Not Renewing Policy Before Expiry Date
Allowing your bike insurance policy to lapse will result in you losing coverage for your two-wheeler. A mistake within that time period would result in a substantial financial loss. You may also lose your NCB benefits if you do not renew your insurance within 90 days of its expiration date. As a result, make sure you renew your insurance before it expires.
Filling Out Wrong Information
Filling out inaccurate information during the renewal process is one of the most common blunders you may easily avoid. When submitting information such as the vehicle registration number, prior insurance data, and the year of purchase, you must be cautious. The policy may be invalid if this information is discovered to be inaccurate. As a result, make sure you submit accurate information when renewing your two-wheeler insurance policy.

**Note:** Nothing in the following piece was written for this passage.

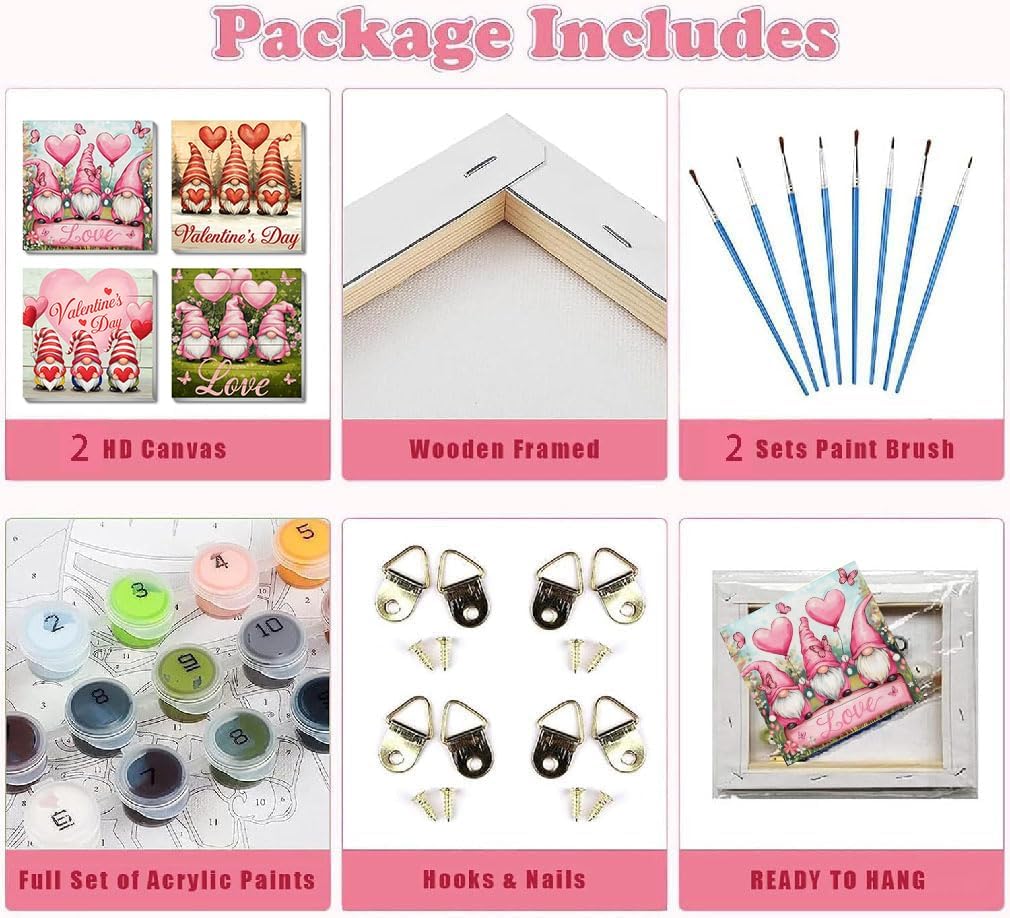 This Valentine Gnome Painting Set serves as a light, creative activity pack that encourages indoor artistic engagement. With four framed canvases, matching paint collections, and hanging tools included, the set can be used immediately without outside equipment.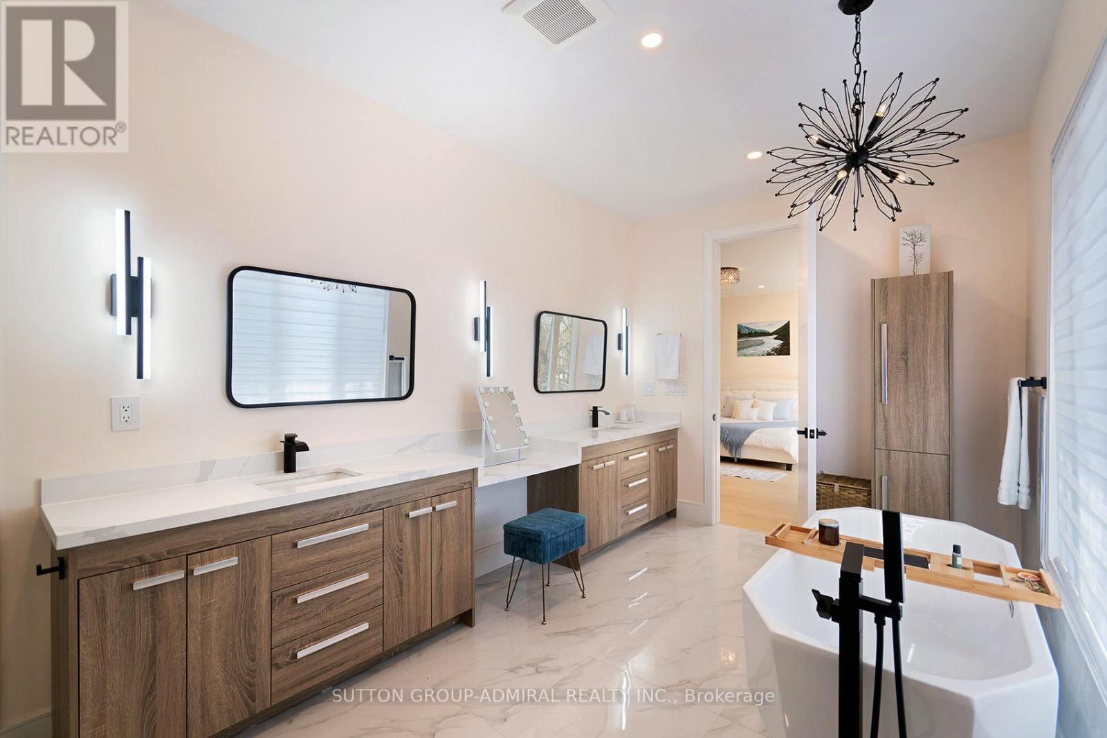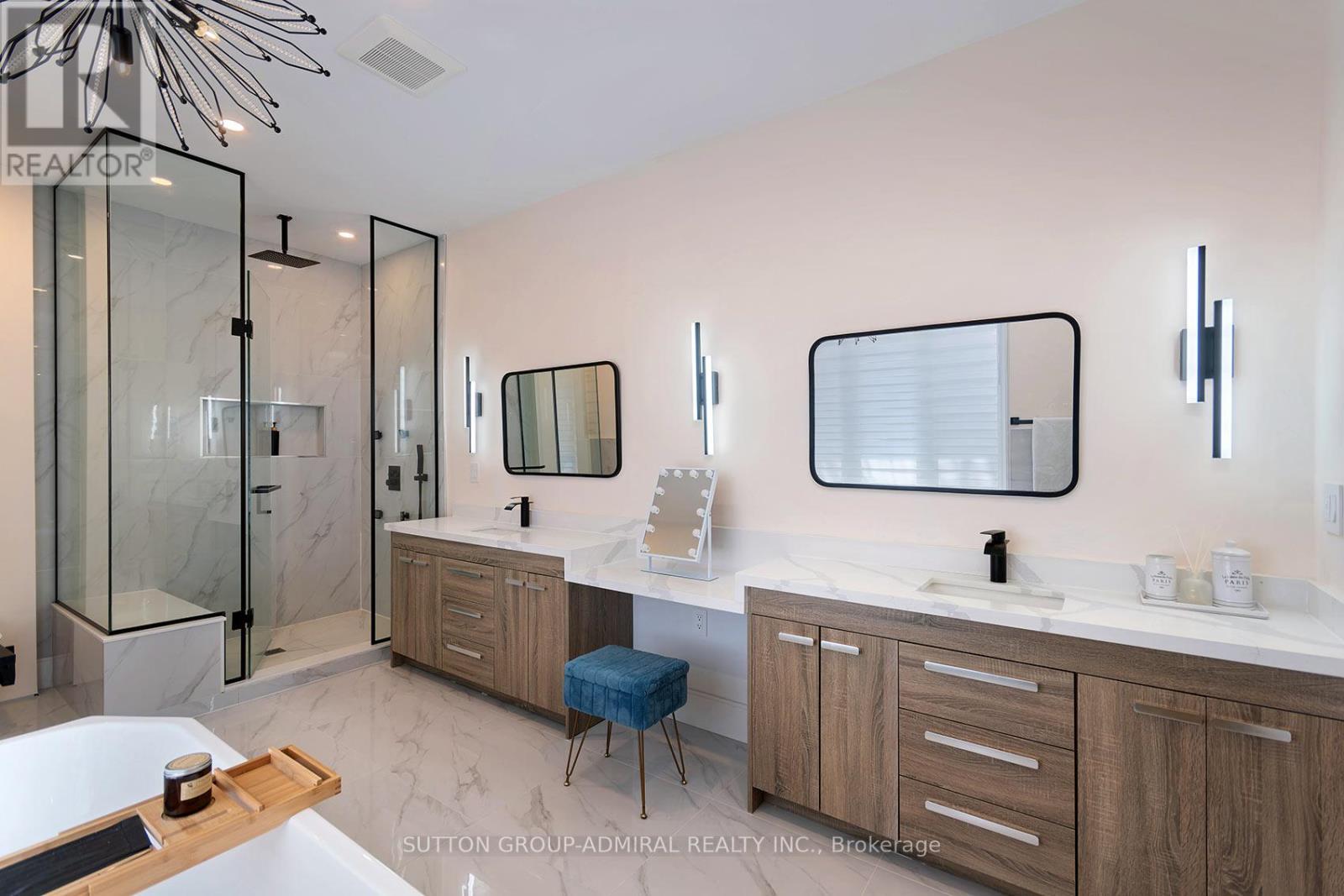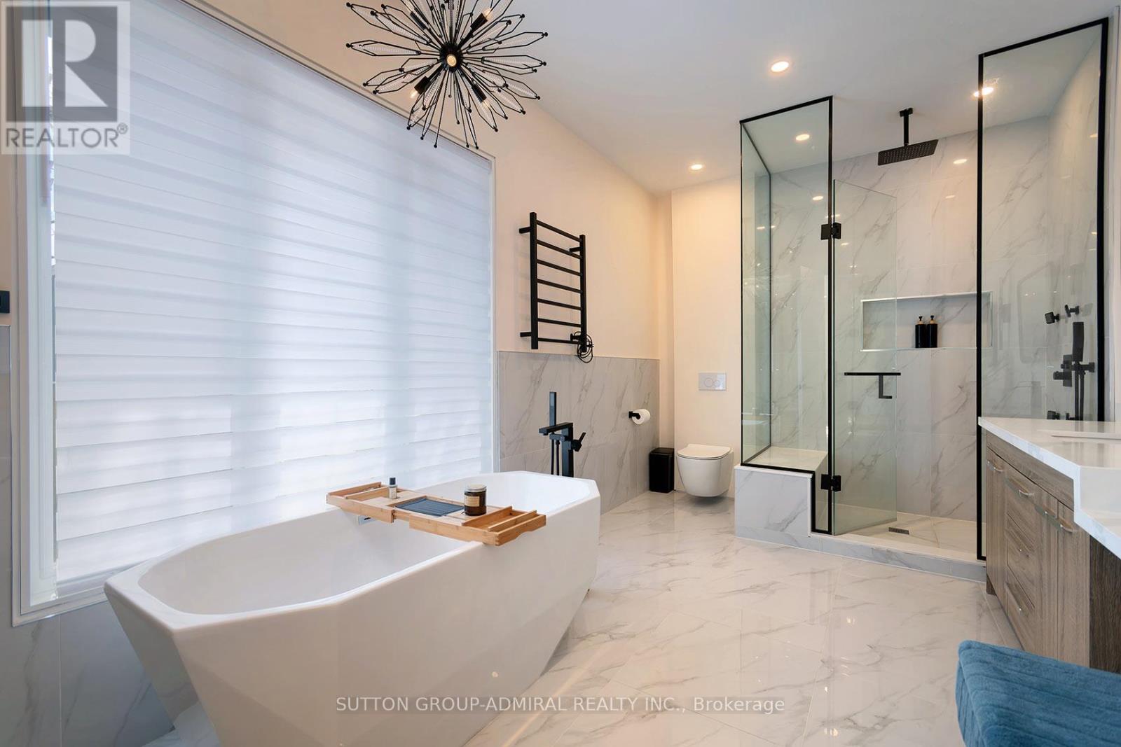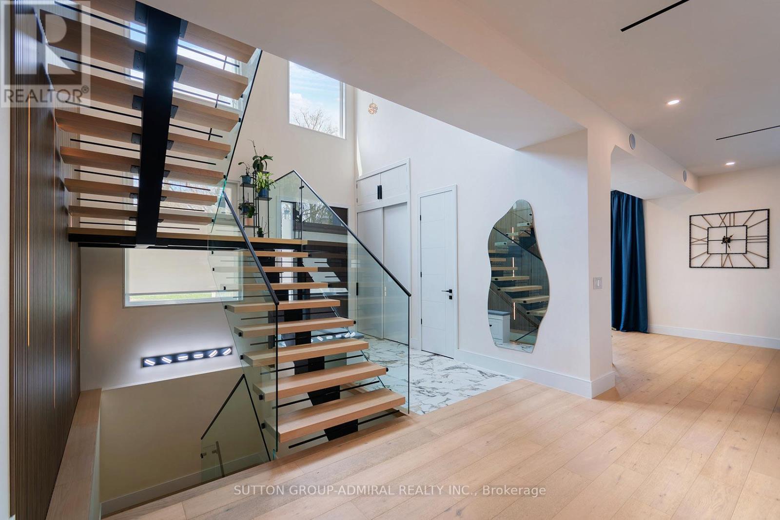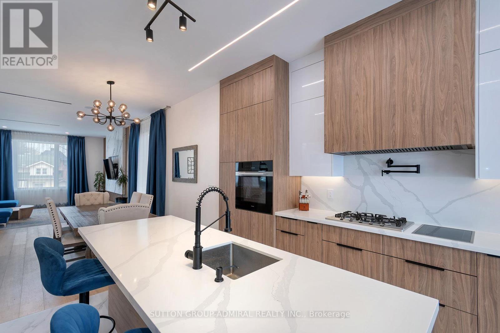 What a gem! Unparalleled luxury value in this custom-built home (2025), you won't find any whereelse in the area. Owner-built to satisfy every whim & last for generations, this 4-bedroom, 5washrooms, finished walk-out basement, 2-car garage beauty, offers ~4,800 sq ft of total ultra-luxury living space. A corner lot fronting on a quieter street w/ a wider driveway. Metal roof to last for ages & a shaded fenced side yard w/ interlocking & a BBQ-ready gas connection.10ft ceilings + 20ft foyer, XL windows + a breathtaking glass staircase w/ floating stairs + a modern chandelier. Ample natural lighting + an open concept to accommodate various furniture &generous hosting. A dream designer kitchen with an 8ft centre island w/ built-in wine fridge, Miele Built-in Appliances, Jen-Air Induction Stove, Dacor French-Door Fridge, Quartz Counters &solid-quartz backsplash. Primary bedroom with a 5-piece ensuite, walk-in closet & B/I closet. A Junior Prim. bedroom w/ ensuite, 2 bdrms w/ shared ensuite. Basement feels like a main level w/ a separate entrance, many windows, wall lighting & custom built-in ceiling lighting, built-in ceiling speakers for entertainment (1st floor & bsmt),hydronic heating floors in the whole basement (& in the hallway at the main entrance) a 3-piecebath, sauna, & in-law suite potential. Located at the heart of downtown, surrounded by walking distance: restaurants & shops, festivals, seasonal markets, culture, Southlake Hospital, Pickering College, library, schools &community. Enjoy Fairy Lake, Wesley Brooks Conservation & Tom Taylor Trail, perfect for walking, biking & unwinding. In the winter, Riverwalk Commons transforms into a charming outdoor skating rink, while warmer months bring patios & live music. This house blends refined, elevated living w/ everyday convenience, perfect for those with great taste who love to host &impress while living in a comfortable, thought-out luxury. (Deck photo is a render of a potential deck - not real). (id:43681)

The procedure of renewing two-wheeler insurance online is simple. However, if you don't have the right information or conduct an extensive investigation, you could make some of the blunders listed in this article. So, while renewing your coverage, be educated and avoid the pitfalls highlighted in this article.
Disclaimer: This article is issued in the general public interest and meant for general information purposes only. Readers are advised not to rely on the contents of the article as conclusive in nature and should research further or consult an expert in this regard.